所得税と健康保険の扶養がどう違うのかを項目ごとに見ていきましょう!
○配偶者
所得税と健康保険のそれぞれの扶養に該当する条件の違いは、内縁関係を含む否かです。
所得税では、法律上の婚姻関係がなければ配偶者とは認められませんので、扶養には該当しません。
健康保険は、内縁関係でも条件に当てはまります。
○親族
親族での違いは、親族の範囲です。
上記の図は、全体が所得税での親族の範囲で、赤枠が健康保険での親族の範囲です。
所得税での親族の範囲は、6親等内の血族及び3親等内の姻族となっています。
健康保険では、被保険者の直系尊属(父母、祖父母等本人より前の世代の直通する系統の親族)・子、孫及び兄弟姉妹は、被保険者により生計を立てていれば要件に当てはまります。ただし、上記以外の3親等内の親族は被保険者と同居していることが条件です。
○年齢
所得税では、配偶者は特に年齢制限はありませんが、親族は「16歳以上」が扶養控除の要件です。
健康保険は、配偶者・親族の区分なく制限がありません。
なお、75歳以上からは後期高齢者医療制度に加入することになりますので、75歳未満の方が扶養の要件となります。
○年間給与収入
所得税と健康保険の年間給与収入の違いは、「金額の限度」・「通勤手当含むか否か」・「対象期間」です。
所得税では、配偶者と親族で扶養に該当する範囲が変わっています。
配偶者は平成30年から「150万円以下」である方が配偶者特別控除の満額を受けられる要件になりました。配偶者控除については「103万円以下」の方が該当します。ただし、配偶者控除・配偶者特別控除を受けるには納税者の年間給与収入も関係します。この点に関して以前コラムを書かせていただきましたので、よろしければご覧ください!
詳しく知りたい方は国税庁のリンクをクリックです!
親族については「103万円以下」である方が扶養に該当します。いわゆる「103万円の壁」です!

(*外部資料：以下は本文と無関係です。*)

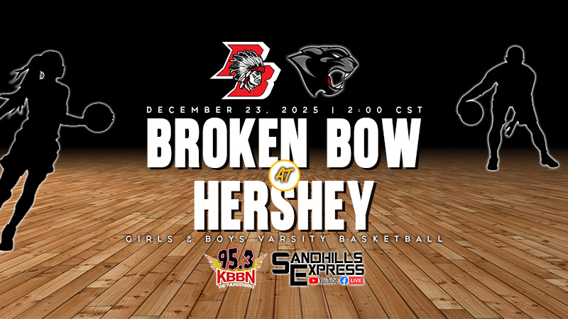The Broken Bow girls and boys basketball teams travel to Hershey today for a doubleheader with the Panthers.  After starting the season 1-3, the Broken Bow girls have won their last three with wins against St. Paul, Ainsworth, and Chase County.  They will face a Hershey team who is off to a 4-1 start with their only loss to undefeated and top ten ranked Ogallala.  The Broken Bow boys are off to a 4-2 start following back to back wins against Ainsworth and Chase County last week.  The Hershey boys enter at 1-4 with their lone win coming against Kimball.  Today’ games will be broadcast on KBBN 95.3 FM and kbbn.com.  A live video stream of the games, accompanied by the radio call, will be available on the Sandhills Express Facebook page and  Sandhills Express You Tube Channel.  The girls varsity game is scheduled to tip off at 2 p.m. with the boys game to follow.

所得税の年間給与収入は、その年中に取得した給与収入の合計額をいいます。
健康保険の年間給与収入は、過去における収入のことではなく、被扶養者に該当する時点及び認定された日以降の年間の見込み収入額のことをいいます。(給与所得等の収入がある場合、月額108,333円以下であること。) ちなみに、健康保険の被扶養者の収入には、雇用保険の失業等給付、公的年金、健康保険の傷病手当金や出産手当金も含まれますので、ご注意願います。
扶養という言葉だけが同じで、中身は全然違います。
扶養控除等申告書、被扶養者異動届を出す際にはお気を付けください!!
前回・前々回では例を書いておりますので、よろしければご覧ください!!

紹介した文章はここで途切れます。